Strep A and Scarlet Fever

There are currently high rates of Group A strep and scarlet fever in the UK. Scarlet fever, which is caused by the bacteria Group A streptococcus, is usually a mild illness but it is highly infectious. It much more common in children than in adults; it is important that children with scarlet fever are seen by their GP so that they can be started on antibiotics. This is not only to reduce the chance of their infection becoming more severe but also to stop them spreading the infection to others, especially people at higher risk of severe infections such as the elderly and those with weakened immune systems.

The rash of scarlet fever often begins with small spots on the body that then spread to the neck, arms and legs over the next 1-2 days. It is often 'sand-paper' like to touch but is not itchy.

Your child may also have a:

  • Sore throat/tonsillitis
  • Fever (temperature of 38°C (100.4°F) or above)
  • Painful, swollen glands in the neck
  • A red tongue (strawberry tongue)

Child torso showing scarlet fever small spots on the body, and graphic of child's tongue which is strawberry red

If your child has a runny nose, cough or diarrhoea, they are extremely unlikely to have scarlet fever.
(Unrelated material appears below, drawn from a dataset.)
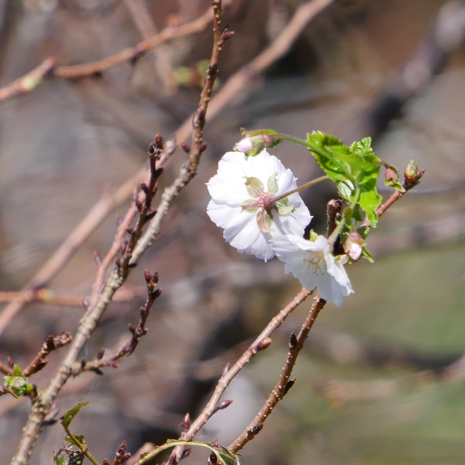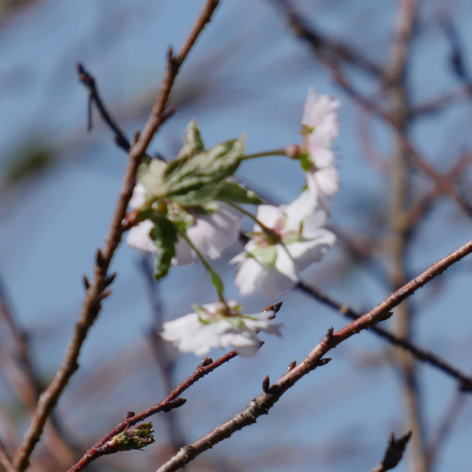 十月桜(ジュウガツザクラ)は、バラ科サクラ属のサクラの栽培品種の一つです。秋から冬、主に9月頃から咲き始め、暖地では冬の間も少しずつ断続的に咲き続けます。同様に秋から冬に咲く桜として「冬桜」などがあり、十月桜も含めて広義の「冬桜」と総称されることもあります。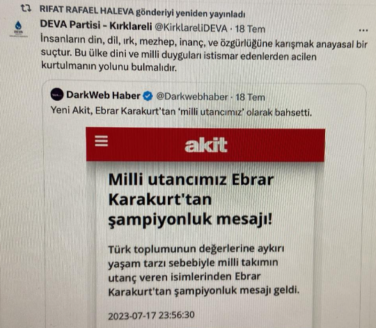 Öte yandan DEVA'lı yahudi adayın, bir başka sosyal medya paylaşımında da eşcinsel sapkın Ebrar Karakurt üzerinden milli değerlere savaş açtığı görüldü.

Occasionally, the bacteria causing scarlet fever can spread to other areas of the body, causing infections in the neck (tonsillar abscesses or lymph node), chest infections (pneumonia) or sepsis.

 

In addition, a small number of children experience complications in the week or two after recovering from scarlet fever. This can affect their kidneys (post-streptococcal glomerulonephritis) or their joints (post-streptococcal arthritis).

16a-scarlet-fever.jpg

Picture credit: Skin Deep

When should you worry?

If your child has any of the following:

  • Has blue lips
  • Too breathless to talk / eat or drink
  • Becomes pale, mottled and feels abnormally cold to touch
  • Becomes extremely agitated, confused or very lethargic (difficult to wake)
  • Develops severe headache, neck stiffness or balance problems
  • Seems dehydrated (sunken eyes, drowsy or not had a wee or wet nappies for 12 hours)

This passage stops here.